**What to do**
Return the data exactly, without pictures.

**The data**
******

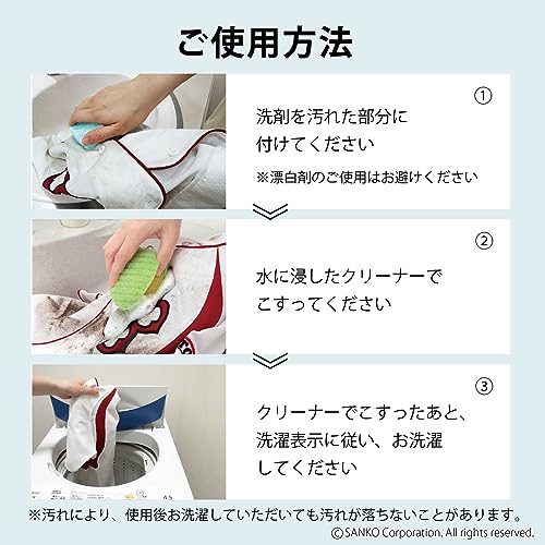 【使用方法】洗剤を落としたい汚れにつけた後、水に浸したブラシ(本品)でこすってください。その後、洗濯機の表示に従い洗濯してください。
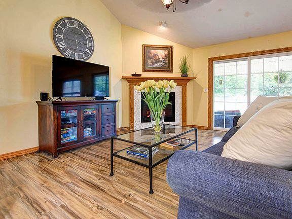 Located in Oak Run Subdivison one owner home. New Roof in 2020, and HVAC replaced in 2022. Open Floor plan with vaulted ceiling in Great room, gas fireplace. Granite Counters, Gas Stove , Stainless steel refrigerator and dishwasher , washer and dryer also stay with the home. Laminate flooring in Living Kitchen, laundry and walkways. Covered Patio and park like privacy fenced backyard.
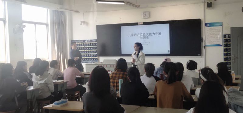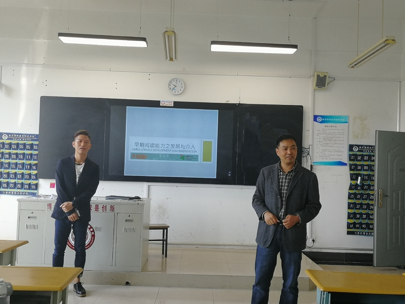刘铎和刘卿老师的授课主题是“儿童语言及语文能力发展与困难”,课上,刘铎老师理论结合案例,以生动形象地描述,重点阐述了读写障碍对于语文能力的影响,并提出对解决困难的措施;刘卿老师有着多年的聋人语文教学经历,也现场传授了丰富的经验,对于即将走上教师岗位的师范生来说,不仅对儿童的语言特征有了更深刻的认知,对如何提高儿童语言能力发展也有了进一步的认识。王立志和刘海军老师的授课主题是早期阅读能力之发展与介入,课上,王立志和刘海军老师介绍了早期阅读能力干预的重要性,并配以课堂实践教学,使员工能够亲身感受,尤其面对特殊儿童,掌握专业的理论知识和有效的方法策略,才能提高儿童的阅读及认知能力。课堂上,同学们不断与老师进行积极互动,各种思想理念的交汇与融合,使现场气氛十分活跃。
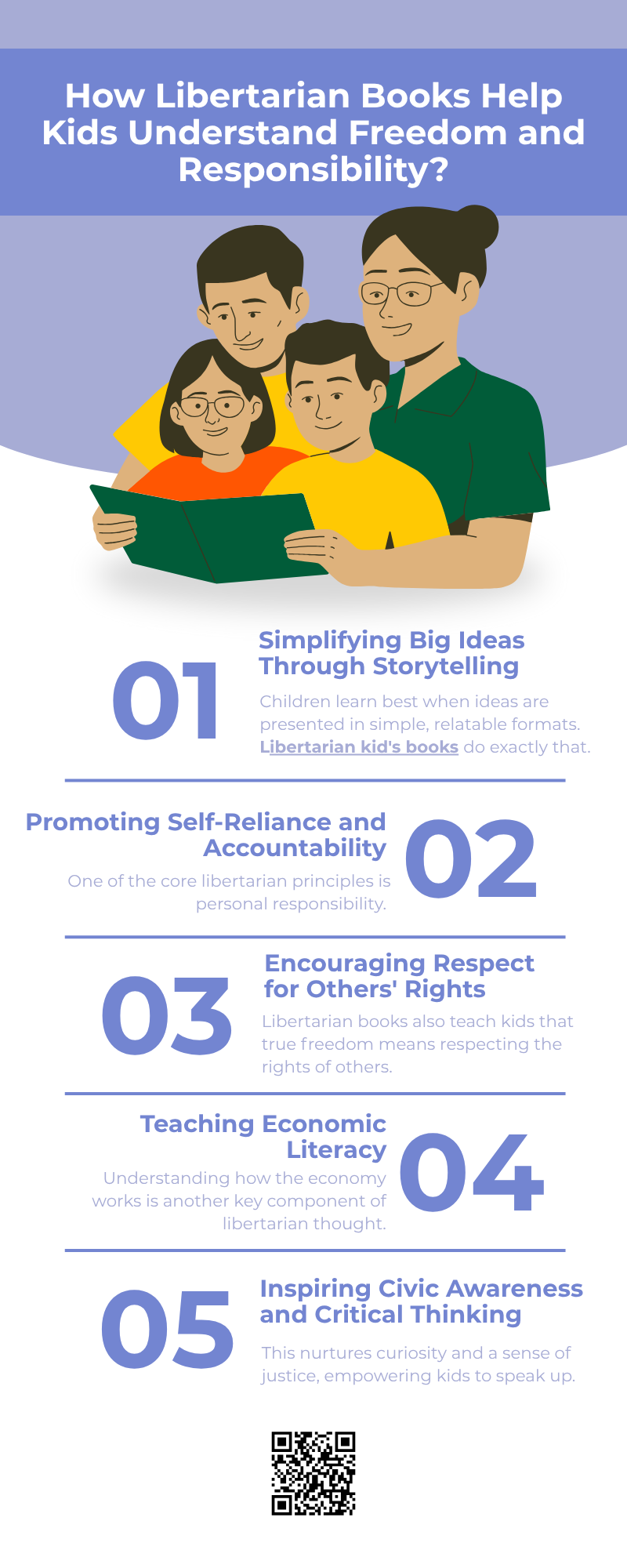Libertarian kid's books teach children about the importance of personal freedom and responsibility through engaging stories and relatable characters. These books highlight how choices have consequences and the value of respecting others' rights. By exploring concepts like voluntary cooperation and individual liberty, libertarian kids books help young readers develop critical thinking skills and a deeper understanding of how freedom works in everyday life, encouraging them to become thoughtful and responsible individuals.

******

**Task result**
 【使用方法】洗剤を落としたい汚れにつけた後、水に浸したブラシ(本品)でこすってください。その後、洗濯機の表示に従い洗濯してください。
 Located in Oak Run Subdivison one owner home. New Roof in 2020, and HVAC replaced in 2022. Open Floor plan with vaulted ceiling in Great room, gas fireplace. Granite Counters, Gas Stove , Stainless steel refrigerator and dishwasher , washer and dryer also stay with the home. Laminate flooring in Living Kitchen, laundry and walkways. Covered Patio and park like privacy fenced backyard.
刘铎和刘卿老师的授课主题是“儿童语言及语文能力发展与困难”,课上,刘铎老师理论结合案例,以生动形象地描述,重点阐述了读写障碍对于语文能力的影响,并提出对解决困难的措施;刘卿老师有着多年的聋人语文教学经历,也现场传授了丰富的经验,对于即将走上教师岗位的师范生来说,不仅对儿童的语言特征有了更深刻的认知,对如何提高儿童语言能力发展也有了进一步的认识。王立志和刘海军老师的授课主题是早期阅读能力之发展与介入,课上,王立志和刘海军老师介绍了早期阅读能力干预的重要性,并配以课堂实践教学,使员工能够亲身感受,尤其面对特殊儿童,掌握专业的理论知识和有效的方法策略,才能提高儿童的阅读及认知能力。课堂上,同学们不断与老师进行积极互动,各种思想理念的交汇与融合,使现场气氛十分活跃。
Libertarian kid's books teach children about the importance of personal freedom and responsibility through engaging stories and relatable characters. These books highlight how choices have consequences and the value of respecting others' rights. By exploring concepts like voluntary cooperation and individual liberty, libertarian kids books help young readers develop critical thinking skills and a deeper understanding of how freedom works in everyday life, encouraging them to become thoughtful and responsible individuals.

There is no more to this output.